Here's an irony. Slip the promotional copy of this album into your iBook and it'll start whirring in a worrying fashion and then seize up all together. That's just Elektra trying to protect the copyright of the supposed new Oasis, of course, but given the musical style and lyric content of these songs, it wouldn't be a surprise if Jet had declared that no mongrel computer should be allowed to play their record. With eight track cartridges still doing the rounds at boot fairs, it's a wonder 'Get Born' has made it onto CD at all.
It's not hard to work out how Jet's defiantly retro bar room boogie has struck a chord with the British zeitgeist or even why. The hunger for stripped down garage blues over the last few years has led musicians to delve even further back into the basics of rock'n'roll, and it was only a matter of time before someone stumbled into the Stones. Circa 'Sticky Fingers', no one did simplicity better than the Keef and co: a chunky riff, a rattling good time momentum, and easy to consume lyrics about idealised women and smalltown escapism that were perfect for a drunken night out.

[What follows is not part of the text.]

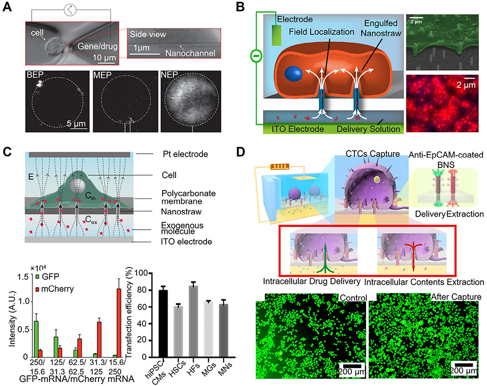 图9:结合纳米孔电穿孔的微流控胞内递送平台示意图

There's nothing on this record that has any danger of keeping you from your beer. There are two gears: fast and slow, shoutalong and sobalong. The upbeat tunes are designed for punching the air and savouring the rush of borrowed testosterone flooding through your system. 'Cold Hard Bitch' is sh*t-kicking bravado, The Who shooting the breeze with AC/DC. 'Get What You Need' could be The Kinks cranking up the volume. 'Rollover DJ', with its stench of stale sweat and beer-sodden belligerence, redeemed by a classic pint-waving chorus, is Slade with a chip on their shoulder.

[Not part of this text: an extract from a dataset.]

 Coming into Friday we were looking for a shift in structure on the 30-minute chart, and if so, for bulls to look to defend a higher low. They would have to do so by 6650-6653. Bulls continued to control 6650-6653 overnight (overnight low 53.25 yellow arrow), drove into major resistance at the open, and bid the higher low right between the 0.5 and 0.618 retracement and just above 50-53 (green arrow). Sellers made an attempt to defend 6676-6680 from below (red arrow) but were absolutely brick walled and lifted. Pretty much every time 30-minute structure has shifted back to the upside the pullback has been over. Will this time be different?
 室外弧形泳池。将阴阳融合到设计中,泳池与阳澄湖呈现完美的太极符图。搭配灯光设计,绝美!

The slowies (to use the correct retro terminology) are sensitivity mauled by blokeish sentimentality. 'Move On', with its referencing of Melbourne's undeniably romantic Flinders Street station, complete with a sneer for a "uniformed man" in authority (like, bummer, huh?), rides deep into Bon Jovi country. 'Look What You Done' should be presented to Liam Gallagher immediately to be recorded as this year's Christmas Number One. It's 'Don't Look Back In Anger' recorded in the style of 'The White Album' with a nod to 'Sonnet' by The Verve. Singer Nic Cester even does a fairly passable Liam impression. 'Timothy' (surely the year's funniest song title) could be a Spinal Tap parody.

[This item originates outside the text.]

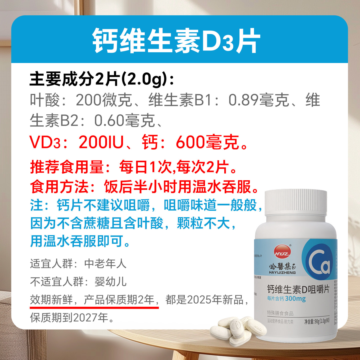 90片中老年钙片VD3含叶酸200μg

On paper, this album should be laughed out of existence. In an age when even Liam and Noel have had hits with dance collaborations, tearing into DJs because they've been "playing other people's songs all night" is absurd. Doubly so, if you do it on an album where there's not a single moment of originality, where everything from the sound right through to the lyrical tone are direct echoes of what's gone before. But somehow, Jet have enough single-minded naivety to make you suspend your cynicism and join in the fun. They're fools. But harmless, rather endearing fools. It's only rock'n'roll, after all.
Call it The Darkness effect. After two years of caring passionately about what's cool and what might not be, about the haircuts of The Strokes and the obscure blues influences of The White Stripes, we've been aching to let rip with some simple guilty pleasures. And Jet are here to hand out the pints and crank up the anthems. Come on in, the party's still raging. Just don't expect there to be much love left over when the hangovers finally kick in.